I am not impressed by this feat. I am shocked.

I smoked for four years and proudly took up the cause of smoking with the type of fundamentalist militancy usually associated with members of the Hezbollah. I didn’t give up smoking because of its harmful effects on the human body. I gave it up because I wanted to grow up.

This action has had lasting consequences on my social manners. Nowadays whenever I introduce myself to someone I share this information with an alarming eagerness. I have no way of not mentioning it. The fact that I quit smoking seems to me more important than my name, date of birth, occupation, or birthplace. In fact, I’m still surprised that there has not been a daily parade thrown in my honor by the city of Lisbon. Whenever I see some record-breaking, 120 year-old grandmother, who claims to have smoked all her life, I lower my gaze and curse the gods.

Smoking had ceased to be a spontaneous act and had turned into a carefully orchestrated crutch of procrastination. I became wary of its stabilizing effect. A cigarette felt like a natural extension of my hand. It helped me function socially by synthesizing the natural presence of mind that I saw in others. Whenever I had a problem, smoking a cigarette allowed me to contemplate possible solutions while keeping the imaginary tigers at bay. For a brief collection of minutes, the world didn’t have you by your throat. Even though cigarettes are minute harbingers of death, I felt safer when I smoked.

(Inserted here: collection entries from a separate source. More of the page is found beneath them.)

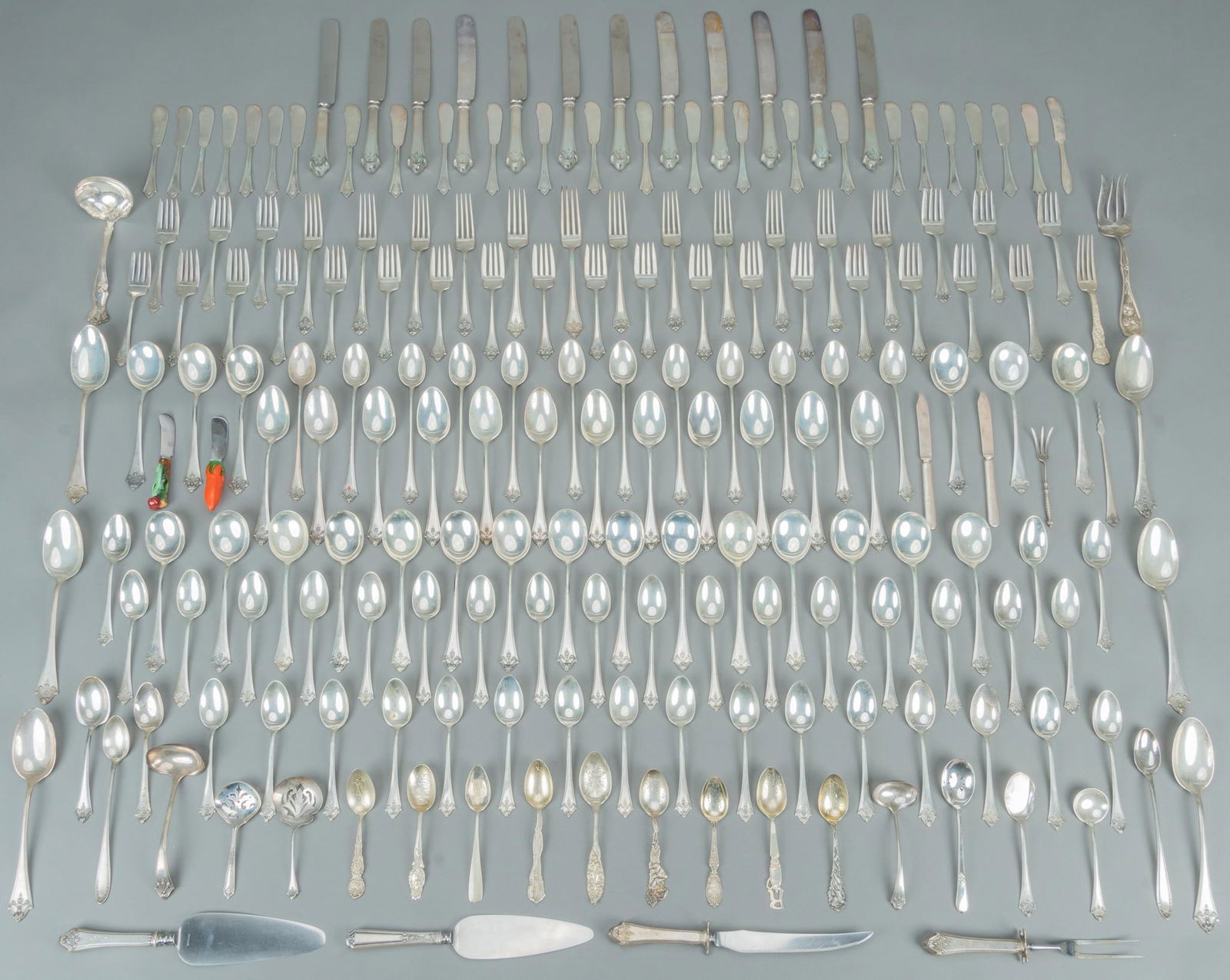Lot Of Antique Sterling Silverware 513g Total2 days LeftLot of Sterling Silver Flatware Pieces, 54.07 Troy OuncesMar 14, 2026Lot of Assorted Coin Silver Pieces, 29.89 Troy OuncesMar 14, 2026Lot of silver utensils. To include: continental lion handle spoon, shaped bowl serving spoon,Mar 01, 2026Large lot of sterling silver and silver handled utensils. To include: Durgin serving fork and spoonMar 01, 2026Collection Handsome Sterling Silver Flatware SetsFeb 28, 2026Towle Sterling Silver Flatware ServiceFeb 28, 202665pc Silverplate Flatware and ServingMar 02, 2026(103) AMERICAN LUNT 'MARY II' STERLING SILVER FLATWARE SERVICE3 days Left(40) COLLECTION OF STERLING SILVER & MOTHER-OF-PEARL FLATWARE3 days LeftFifty one American, English and French Sterling flatware and Serving Pieces1 day LeftSterling Silver Flatware Service, Damask Rose PatternFeb 28, 2026800 silver cutlery set7 days Left71-Piece Sterling Silver .925 Flatware SetWHITING MFG STERLING SILVER FLATWEAR SET4 days LeftA MATCHED SILVER OLD ENGLISH PATTERN PART TABLE SERVICEMar 03, 2026
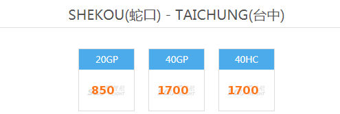 2022最新海运费报价查询深圳SHEKOU(蛇口) - TAICHUNG(台中)台湾整柜
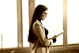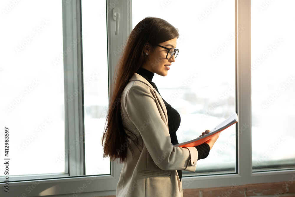 beautiful young woman in suit at office
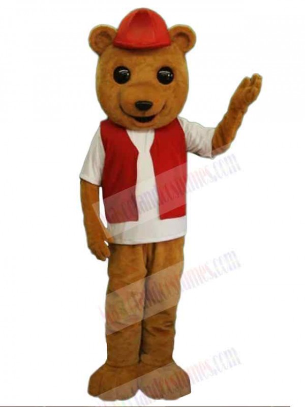 Bear with Red Vest Mascot Costume Animal
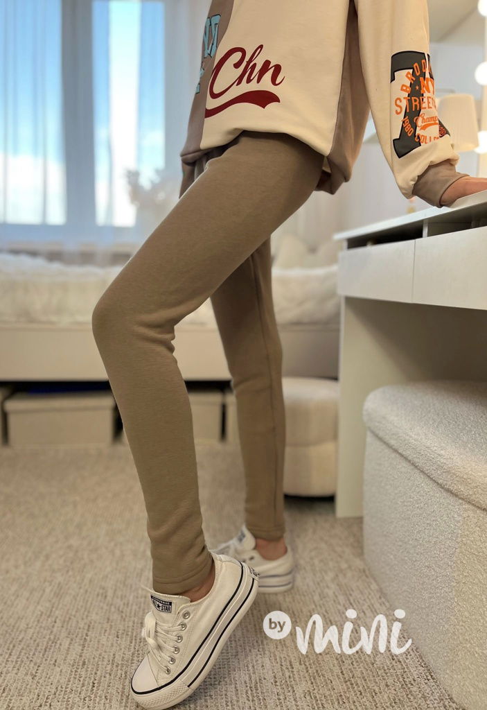 Bavlněné stretch legíny, pas na širokou gumu, ozdobná šňůrka.
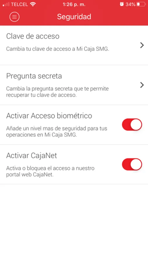 Cambiar contraseña de acceso, pregunta secreta, o activar el acceso biométrico y Caja Net.
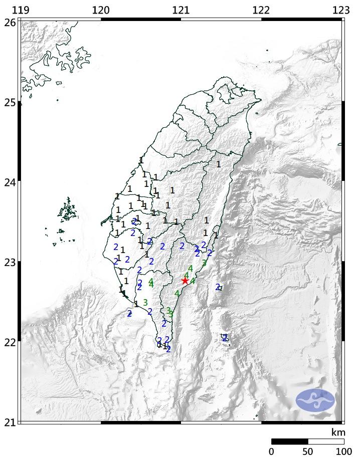 The largest intensity of 4 was felt in Taitung and Pingtung counties, which received an alert notice, while areas north of Taichung did not feel any shaking, the CWA said.
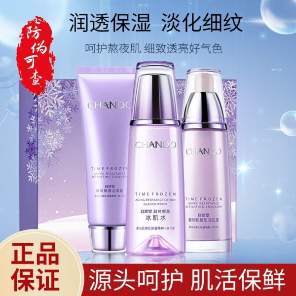 自然堂(CHANDO) 凝时鲜颜护肤品套装淡化细纹补水保湿提拉紧致抗皱洗面奶水乳精华面霜化妆品
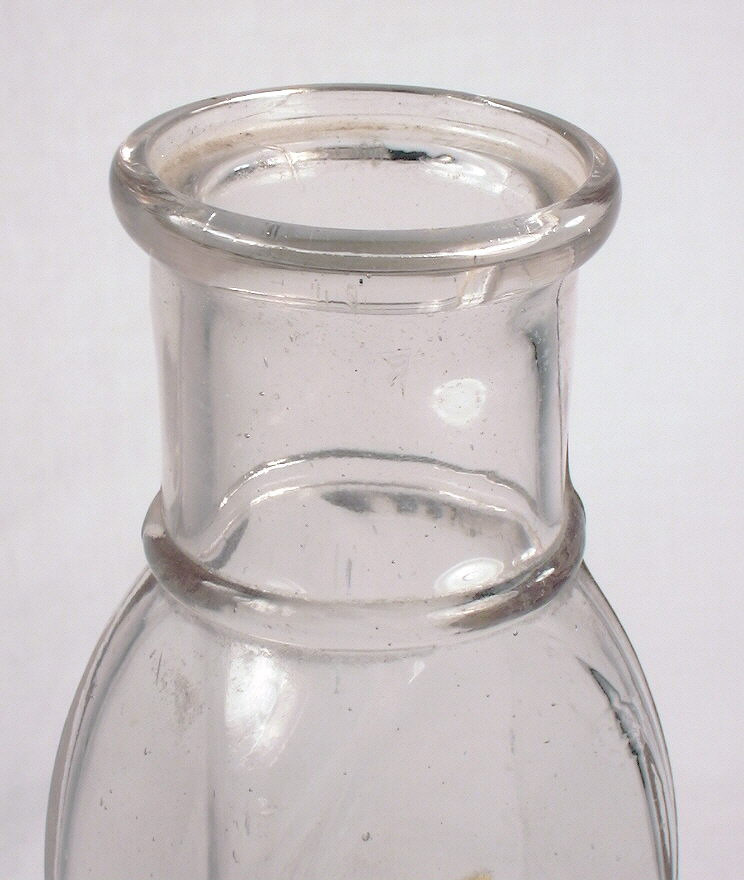 The light olive-yellow bottle to the left is an early American free-blown utility bottle with a relatively wide bore and a simple bead finish (#3) which was formed by rolling (with a tool) the hot glass outward onto the extreme upper portion of the neck. This bottle could have been used for anything from snuff to mustard to medicinals and likely dates between 1790 and 1820 (McKearin & Wilson 1978). Folded or rolled-out finishes are probably less common than folded-in finishes though they are found frequently on larger mouth (bore) utility and pickle/food bottles. That this finish was formed by rolling the upper neck glass and not formed with applied glass (i.e. applied finish) can be ascertained by running ones finger just inside the bore of the bottle and noting the absence of a crease or groove where the sheared/cracked neck and applied glass meshed. The inside portion of this particular finish is smooth and seamless to the touch indicating that the upper neck glass was simply "pushed" out from the bore and on to itself. (See the Finishes page section on the rolled finish method for more information.) |

In this life, it seems so easy to pompously announce all the great things we aim to do while never actually doing them. We lie to ourselves constantly in order to carry on living. We make plans we never intend to keep. We have dreams we’re not prepared to sacrifice for. We live under the assumption that there’s plenty of time and that tomorrow’s always a better day to start. Cigarettes helped craft a lie that made me forget briefly that life is unfair, death is certain, and judgment is an unavoidable tragedy. While I might have trouble functioning without cigarettes, the fact of the matter is that I can’t grow up without having the constant acknowledgment of the omnipresent, indisputable truth of those three very unsettling facts.

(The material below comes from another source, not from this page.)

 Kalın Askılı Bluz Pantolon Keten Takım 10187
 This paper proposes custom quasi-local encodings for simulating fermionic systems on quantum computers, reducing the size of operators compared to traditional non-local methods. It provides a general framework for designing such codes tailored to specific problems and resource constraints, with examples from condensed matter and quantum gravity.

Maybe I’m the just the type of person whose casual habits can easily turn into restrictive addictions, but I’ve reached a point where I can no longer consciously manufacture white lies that prevent me from asking myself the real, tough questions that relate to where I want to go. The questions whose answers I’m so terrified of because they might contain the implication that maybe I won’t get the things I want. And I could no longer stand the Freudian irony of killing myself by tiny increments because of a numbing fear of death.

I still feel that naïve invincibility of youth that precludes from analyzing the long-term effect of anything at all, but I strive to rationally counteract it. It is not easy to live with the maddening limitations that come from recognizing the transient nature of the human condition. The illusion of immortality can give us the courage to ignore grave risks and daunting odds. To others, this might seem like a small, uneventful thing, but in my case, cigarettes helped turned that illusory bubble that allows you to dare into a cage that makes you afraid of fear. Without cigarettes, I am troubled by the prospect of failure, but at least I no longer kept awake by the doubts of future regret.